The community bonding period ended on May 27th, here is the summary of the work I did till that date. I was suggested to contribute to PolyMath, the parent library of DataFrame, which is used for scientific computing. Here are the issues solved:
1. t-SNE implementation in Pharo
t-SNE is a visualization algorithm, through which you can judge your input dataset, reveal it’s clusters, etc. The algorithm implemented was incomplete, as mentioned in Issue#115. I worked torwards completing the algorithm, having a running version in the commit 7f3a812. We started using Github Boards for tracking the progress, which can be found here. Overall, I spent about 2 weeks learning the details and implementing the algorithm. I’ll be creating a seperate post detailing the algorithm soon.

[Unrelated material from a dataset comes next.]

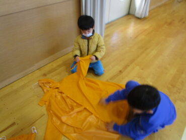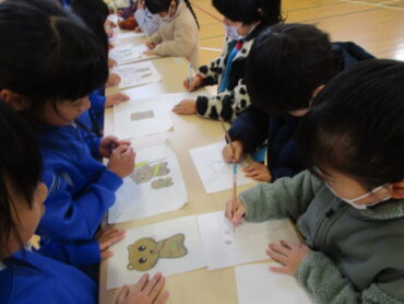 また、年長児さんも「先生見て!上手に折れたよ」「野村小学校のキャラクターは、『のむらっこ』っていうんだ」「ランドセルかっこいい」など楽しそうに1年生と関わる姿が見られました。

2. Speeding up PMVector sum
While profiling t-SNE, I discovered that current implementation of PMVector
sum was very slow.
sum is used to calculate the sum of PMVector, and is also used in PMMatrix to calculate sums of rows and columns. You can read more about the issue here: Issue#125. It was easily fixed by relying on parent
sum, which increased speed quite a lot.
3. PMVector comparision operators
PMVector had a redundant and perhaps, wrong operator
==, which was removed (Issue#90, PR#108). Also, operators
< modified the source vector in-place, causing unintuitive behavior while working with PMMatrix: Issue#122, PR#123.
First two weeks were mostly spent on learning about PolyMath and it’s classes, integrating Roassal and DataFrame with PolyMath, and exploring codebase for DataFrame. Overall, it has been productive 3 weeks!